# PLY - Python Lex-Yacc

Author: David Beazley (https://www.dabeaz.com)

## Introduction

PLY is a zero-dependency Python implementation of the traditional
parsing tools lex and yacc. It uses the same LALR(1) parsing algorithm
as yacc and has most of its core features. It is compatible with all
modern versions of Python.

PLY was originally created in 2001 to support an Introduction to
Compilers course at the University of Chicago.  As such, it has almost
no features other than the core LALR(1) parsing algorithm.  This is by
design--students should be made to suffer. Well, at least a little
bit.  However, from a more practical point of view, there is a lot
flexibility in terms of how you decide to use it.  You can use PLY to
build Abstract Syntax Trees (ASTs), simple one-pass compilers,
protocol decoders, or even a more advanced parsing framework.

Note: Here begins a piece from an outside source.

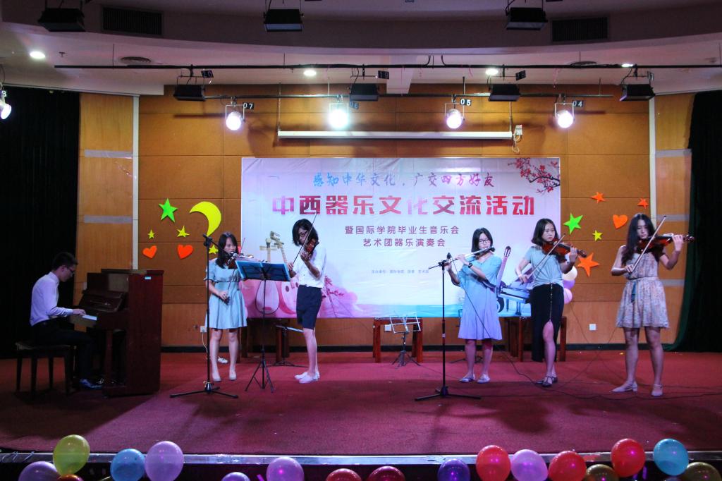 6月1日晚,“感知中华文化,广交四海好友”中外学生手牵手系列活动之中西器乐文化交流活动暨国际学院毕业生音乐会在学校大学城校区学生活动中心四楼礼堂成功举办。

## Important Notice - October 27, 2022

The PLY project will make no further package-installable releases.
If you want the latest version, you'll need to download it here
or clone the repo.

## Requirements

The current release of PLY requires the use of Python 3.6 or
greater. If you need to support an older version, download one of the
historical releases at https://github.com/dabeaz/archive/tree/main/ply.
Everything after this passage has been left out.